They do.
I was presenting very shortened and simplified version of a full argument for simplicity, I do not care about making me an example of something without asking for clarification first.
The physical media cannot be a chokepoint. WotC is currently trying to turn D&DBeyond into a CHokepoint - hence their attempt that making it a marketplace where you can buy both main and third party content, but also testing place where you can rate playtest material and a place where you have access to your sheet, books AND new VTT software. Hence why the only thing to scare them during OGL debacle was people massively leaving D&DBeyond. Even their latest behavior is consistent with the actions of established chokepoint - albeit fired prematurely.
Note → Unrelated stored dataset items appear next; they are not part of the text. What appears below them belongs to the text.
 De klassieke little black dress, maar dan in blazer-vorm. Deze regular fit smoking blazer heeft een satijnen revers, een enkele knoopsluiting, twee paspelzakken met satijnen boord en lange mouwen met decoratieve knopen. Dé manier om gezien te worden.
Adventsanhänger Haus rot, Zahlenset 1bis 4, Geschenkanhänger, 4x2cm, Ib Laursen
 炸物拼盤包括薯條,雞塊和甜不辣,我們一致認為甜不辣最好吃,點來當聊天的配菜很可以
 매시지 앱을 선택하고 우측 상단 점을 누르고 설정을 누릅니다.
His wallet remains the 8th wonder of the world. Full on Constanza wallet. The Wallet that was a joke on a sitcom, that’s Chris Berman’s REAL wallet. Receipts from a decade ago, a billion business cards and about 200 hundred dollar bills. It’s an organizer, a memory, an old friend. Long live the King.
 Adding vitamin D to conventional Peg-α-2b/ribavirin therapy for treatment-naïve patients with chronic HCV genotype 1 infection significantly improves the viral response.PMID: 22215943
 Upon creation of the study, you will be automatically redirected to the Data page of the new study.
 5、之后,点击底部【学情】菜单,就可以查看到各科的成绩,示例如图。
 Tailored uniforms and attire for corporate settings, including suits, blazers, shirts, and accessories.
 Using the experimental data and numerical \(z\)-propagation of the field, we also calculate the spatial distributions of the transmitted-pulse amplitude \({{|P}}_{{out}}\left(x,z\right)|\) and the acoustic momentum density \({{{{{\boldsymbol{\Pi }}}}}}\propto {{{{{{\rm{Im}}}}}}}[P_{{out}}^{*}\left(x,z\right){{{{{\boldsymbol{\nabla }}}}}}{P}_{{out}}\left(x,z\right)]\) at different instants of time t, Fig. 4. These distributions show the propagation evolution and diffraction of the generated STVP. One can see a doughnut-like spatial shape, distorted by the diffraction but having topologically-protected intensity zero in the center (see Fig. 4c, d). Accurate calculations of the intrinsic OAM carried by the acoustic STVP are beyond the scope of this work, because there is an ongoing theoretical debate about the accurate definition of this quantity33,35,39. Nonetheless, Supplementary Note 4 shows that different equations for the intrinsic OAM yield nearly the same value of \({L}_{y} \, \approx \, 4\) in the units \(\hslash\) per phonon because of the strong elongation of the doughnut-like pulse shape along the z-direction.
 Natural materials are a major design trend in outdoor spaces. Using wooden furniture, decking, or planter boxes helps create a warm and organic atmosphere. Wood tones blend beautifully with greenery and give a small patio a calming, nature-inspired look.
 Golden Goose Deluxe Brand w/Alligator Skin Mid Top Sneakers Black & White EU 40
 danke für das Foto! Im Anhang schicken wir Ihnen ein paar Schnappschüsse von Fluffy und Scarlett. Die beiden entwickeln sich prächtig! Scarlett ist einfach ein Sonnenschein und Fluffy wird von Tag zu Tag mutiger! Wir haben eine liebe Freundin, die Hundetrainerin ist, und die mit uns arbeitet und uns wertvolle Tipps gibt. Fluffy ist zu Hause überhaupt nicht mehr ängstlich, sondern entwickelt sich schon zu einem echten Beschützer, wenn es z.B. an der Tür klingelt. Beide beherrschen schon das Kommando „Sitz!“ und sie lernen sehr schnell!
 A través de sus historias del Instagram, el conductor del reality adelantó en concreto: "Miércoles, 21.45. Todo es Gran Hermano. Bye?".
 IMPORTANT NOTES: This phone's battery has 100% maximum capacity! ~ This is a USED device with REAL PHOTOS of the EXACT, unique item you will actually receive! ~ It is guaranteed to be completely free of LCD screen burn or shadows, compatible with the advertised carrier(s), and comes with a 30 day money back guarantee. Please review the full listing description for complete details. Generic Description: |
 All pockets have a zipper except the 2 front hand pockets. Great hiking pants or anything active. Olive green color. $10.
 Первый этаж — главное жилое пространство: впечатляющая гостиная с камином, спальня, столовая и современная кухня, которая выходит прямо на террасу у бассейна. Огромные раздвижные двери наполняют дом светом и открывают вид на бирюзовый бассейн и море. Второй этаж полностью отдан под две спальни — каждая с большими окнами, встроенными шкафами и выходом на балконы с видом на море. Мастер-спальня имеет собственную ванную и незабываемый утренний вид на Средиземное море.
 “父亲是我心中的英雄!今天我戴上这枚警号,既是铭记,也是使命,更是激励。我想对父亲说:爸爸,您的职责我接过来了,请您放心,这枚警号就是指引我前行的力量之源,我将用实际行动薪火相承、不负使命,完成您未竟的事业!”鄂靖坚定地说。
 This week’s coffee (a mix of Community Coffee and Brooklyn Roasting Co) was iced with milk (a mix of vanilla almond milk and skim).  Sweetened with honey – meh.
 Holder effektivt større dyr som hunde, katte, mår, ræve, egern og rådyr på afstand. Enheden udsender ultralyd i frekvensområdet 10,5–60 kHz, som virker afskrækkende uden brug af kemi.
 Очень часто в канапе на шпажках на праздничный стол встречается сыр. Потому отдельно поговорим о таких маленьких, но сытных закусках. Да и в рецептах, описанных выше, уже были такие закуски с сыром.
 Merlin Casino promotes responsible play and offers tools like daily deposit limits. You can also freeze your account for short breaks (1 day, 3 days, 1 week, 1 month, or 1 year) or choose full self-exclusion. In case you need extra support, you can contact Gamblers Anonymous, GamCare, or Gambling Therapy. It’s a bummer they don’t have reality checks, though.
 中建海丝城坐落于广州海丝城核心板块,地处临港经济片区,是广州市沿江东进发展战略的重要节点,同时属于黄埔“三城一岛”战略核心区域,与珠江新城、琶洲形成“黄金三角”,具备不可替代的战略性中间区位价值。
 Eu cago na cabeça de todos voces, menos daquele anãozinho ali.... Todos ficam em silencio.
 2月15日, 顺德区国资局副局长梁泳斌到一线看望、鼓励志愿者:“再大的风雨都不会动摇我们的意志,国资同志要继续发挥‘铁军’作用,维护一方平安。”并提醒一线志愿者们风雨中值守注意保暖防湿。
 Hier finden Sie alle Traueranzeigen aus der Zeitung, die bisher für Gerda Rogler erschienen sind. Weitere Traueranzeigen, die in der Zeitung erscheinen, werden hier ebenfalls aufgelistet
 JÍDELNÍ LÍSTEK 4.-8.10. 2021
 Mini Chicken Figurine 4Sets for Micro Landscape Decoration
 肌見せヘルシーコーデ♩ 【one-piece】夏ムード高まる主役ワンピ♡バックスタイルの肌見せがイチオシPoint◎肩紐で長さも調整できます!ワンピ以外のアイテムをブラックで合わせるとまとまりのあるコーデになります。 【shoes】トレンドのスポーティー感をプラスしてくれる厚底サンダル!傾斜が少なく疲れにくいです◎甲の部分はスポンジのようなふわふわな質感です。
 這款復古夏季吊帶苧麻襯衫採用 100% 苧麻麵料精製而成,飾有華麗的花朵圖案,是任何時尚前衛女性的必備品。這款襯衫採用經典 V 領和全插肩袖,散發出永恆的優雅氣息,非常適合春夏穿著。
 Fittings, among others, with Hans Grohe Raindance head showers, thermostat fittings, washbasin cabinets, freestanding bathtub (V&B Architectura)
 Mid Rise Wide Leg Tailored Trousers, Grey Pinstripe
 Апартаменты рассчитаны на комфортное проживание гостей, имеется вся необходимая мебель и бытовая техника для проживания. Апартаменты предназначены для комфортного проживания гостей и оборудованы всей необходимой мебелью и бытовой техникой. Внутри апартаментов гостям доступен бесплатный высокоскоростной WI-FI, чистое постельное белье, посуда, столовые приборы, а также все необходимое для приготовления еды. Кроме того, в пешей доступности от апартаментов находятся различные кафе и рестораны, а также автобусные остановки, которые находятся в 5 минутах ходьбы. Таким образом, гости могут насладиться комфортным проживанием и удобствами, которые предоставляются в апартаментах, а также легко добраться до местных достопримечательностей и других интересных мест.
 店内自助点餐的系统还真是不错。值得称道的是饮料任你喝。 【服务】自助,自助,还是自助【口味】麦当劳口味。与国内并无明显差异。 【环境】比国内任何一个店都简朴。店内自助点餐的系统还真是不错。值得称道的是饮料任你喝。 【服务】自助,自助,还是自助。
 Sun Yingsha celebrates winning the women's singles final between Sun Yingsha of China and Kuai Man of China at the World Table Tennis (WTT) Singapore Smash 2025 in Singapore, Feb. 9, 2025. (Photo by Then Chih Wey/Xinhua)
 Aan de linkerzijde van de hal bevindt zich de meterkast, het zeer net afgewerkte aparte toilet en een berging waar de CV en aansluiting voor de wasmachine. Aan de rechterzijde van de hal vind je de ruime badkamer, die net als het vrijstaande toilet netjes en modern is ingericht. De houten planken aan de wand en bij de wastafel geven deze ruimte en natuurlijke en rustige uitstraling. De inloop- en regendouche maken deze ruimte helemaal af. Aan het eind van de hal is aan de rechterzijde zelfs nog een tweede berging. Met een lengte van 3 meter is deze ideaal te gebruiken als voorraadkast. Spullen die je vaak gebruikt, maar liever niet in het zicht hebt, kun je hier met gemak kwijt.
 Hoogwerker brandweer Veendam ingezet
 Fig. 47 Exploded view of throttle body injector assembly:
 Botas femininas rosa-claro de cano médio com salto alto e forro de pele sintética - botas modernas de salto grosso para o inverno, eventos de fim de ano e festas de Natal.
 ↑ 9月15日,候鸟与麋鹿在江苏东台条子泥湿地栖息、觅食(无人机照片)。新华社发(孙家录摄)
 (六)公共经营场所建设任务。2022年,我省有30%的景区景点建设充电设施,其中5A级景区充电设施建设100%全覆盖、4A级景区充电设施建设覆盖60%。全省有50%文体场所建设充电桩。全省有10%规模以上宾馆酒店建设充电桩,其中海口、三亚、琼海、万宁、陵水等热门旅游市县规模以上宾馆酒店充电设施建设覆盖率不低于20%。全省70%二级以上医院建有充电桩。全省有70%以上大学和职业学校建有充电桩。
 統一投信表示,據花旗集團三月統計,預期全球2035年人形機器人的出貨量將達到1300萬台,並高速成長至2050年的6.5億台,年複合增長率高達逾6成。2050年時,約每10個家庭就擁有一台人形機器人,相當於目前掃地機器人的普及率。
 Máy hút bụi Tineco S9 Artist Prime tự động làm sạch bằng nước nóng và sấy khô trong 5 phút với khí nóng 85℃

It's all building towards make D&DBeyond a necessary tool for interacting with the game, which is why it is pushed as such default even in their own adds they show people putting away books and dice while at one table, to use D&DBeyond instead. Once they control the means through which us, the customers, interact with the producers of goods (MCDM, Kobold Press, Ghostfire Gaming), they can do things like force changes into which books you are using (hence why attempt to replace old spells with new was "firing prematurely" - they haven't yet caught enough fish into the net to comfortably pull such trick), ramp up the prices, start taking bigger cuts from 3rd party book sales etc. They won't have a monopoly (DriveThruRpg is already a similiar chokepoint, but even then WotC has their hand in that one through DMs Guild, ditto for Paradox and Storyteller's Vault and Paizo and Pathfinder Infinite). This thing is very deliberately built to control the way you play and ensure it is done in a way that allows WotC to squeze every last drop of blood from you.